Exercise in exact copying: restate word for word only the lines below from the one containing "Ceinture, Martinica, 198 fr." through the one containing "무장 단체는 로켓포 등의", omitting any pictures.

*** TASK MATERIAL Section Begins ***

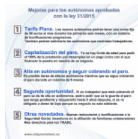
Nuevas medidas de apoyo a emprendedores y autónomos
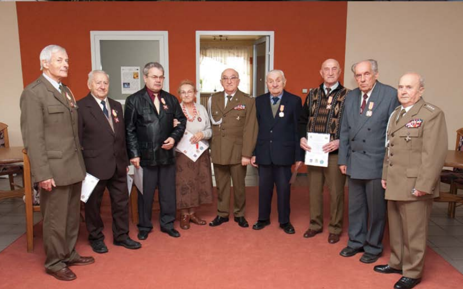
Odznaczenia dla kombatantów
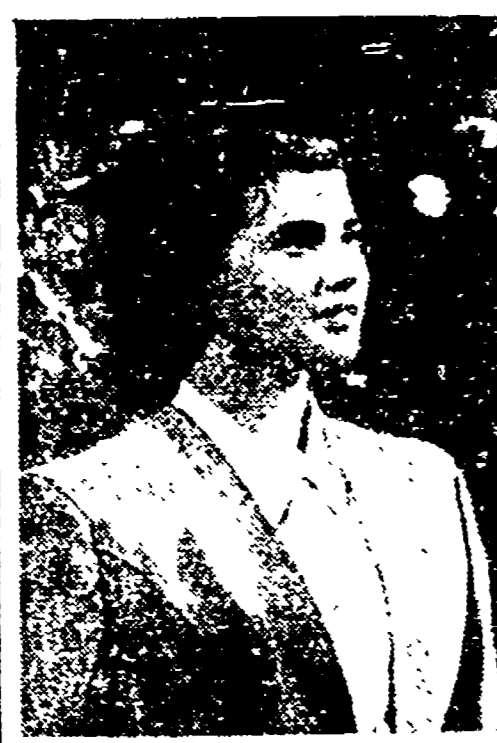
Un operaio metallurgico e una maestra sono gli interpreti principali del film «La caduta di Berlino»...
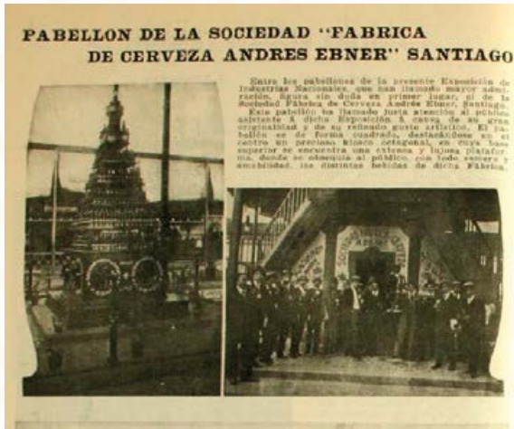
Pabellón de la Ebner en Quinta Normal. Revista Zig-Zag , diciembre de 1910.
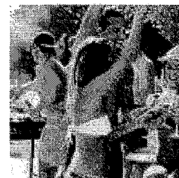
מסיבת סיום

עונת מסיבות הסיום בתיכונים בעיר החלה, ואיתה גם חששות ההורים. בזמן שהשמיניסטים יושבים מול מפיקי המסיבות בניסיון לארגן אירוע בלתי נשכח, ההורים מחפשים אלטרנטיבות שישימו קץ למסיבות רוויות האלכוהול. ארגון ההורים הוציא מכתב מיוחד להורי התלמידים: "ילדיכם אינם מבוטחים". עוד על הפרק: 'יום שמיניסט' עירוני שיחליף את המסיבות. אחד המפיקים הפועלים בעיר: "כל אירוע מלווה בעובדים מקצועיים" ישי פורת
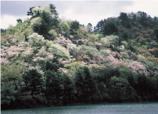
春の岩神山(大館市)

*** TASK MATERIAL Section Ends ***
*** TASK MATERIAL Section Begins ***

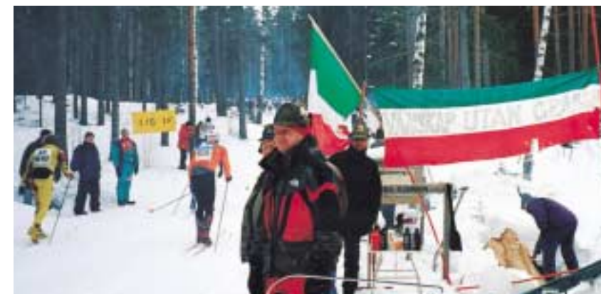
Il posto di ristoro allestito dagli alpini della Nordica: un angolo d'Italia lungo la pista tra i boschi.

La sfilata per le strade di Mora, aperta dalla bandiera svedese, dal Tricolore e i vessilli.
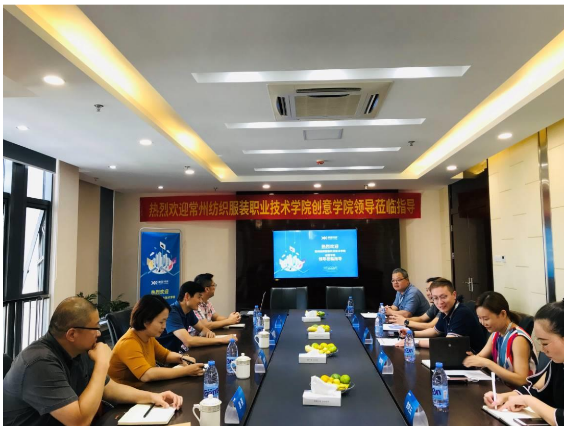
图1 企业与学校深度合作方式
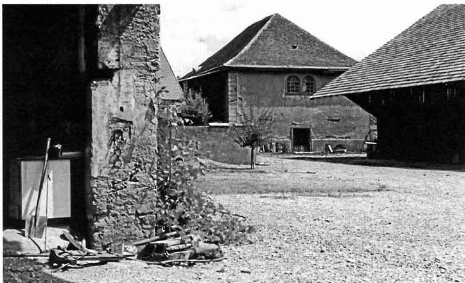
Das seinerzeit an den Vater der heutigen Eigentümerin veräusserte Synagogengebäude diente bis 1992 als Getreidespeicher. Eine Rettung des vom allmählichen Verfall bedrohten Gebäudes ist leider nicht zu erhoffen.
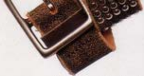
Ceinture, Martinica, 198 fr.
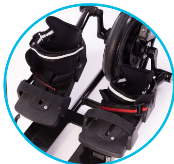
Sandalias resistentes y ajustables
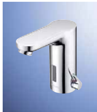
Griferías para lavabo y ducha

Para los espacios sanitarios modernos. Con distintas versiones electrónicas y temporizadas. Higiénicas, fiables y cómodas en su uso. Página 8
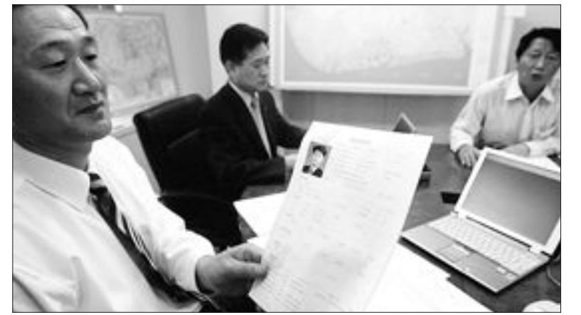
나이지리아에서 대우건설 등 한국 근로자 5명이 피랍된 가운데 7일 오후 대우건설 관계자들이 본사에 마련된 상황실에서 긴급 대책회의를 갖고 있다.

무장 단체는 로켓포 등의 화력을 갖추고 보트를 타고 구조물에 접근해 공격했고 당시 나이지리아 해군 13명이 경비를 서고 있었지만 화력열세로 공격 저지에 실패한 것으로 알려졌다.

*** TASK MATERIAL Section Ends ***

EXERCISE RESPONSE »
Ceinture, Martinica, 198 fr.
Sandalias resistentes y ajustables
Griferías para lavabo y ducha

Para los espacios sanitarios modernos. Con distintas versiones electrónicas y temporizadas. Higiénicas, fiables y cómodas en su uso. Página 8
나이지리아에서 대우건설 등 한국 근로자 5명이 피랍된 가운데 7일 오후 대우건설 관계자들이 본사에 마련된 상황실에서 긴급 대책회의를 갖고 있다.

무장 단체는 로켓포 등의 화력을 갖추고 보트를 타고 구조물에 접근해 공격했고 당시 나이지리아 해군 13명이 경비를 서고 있었지만 화력열세로 공격 저지에 실패한 것으로 알려졌다.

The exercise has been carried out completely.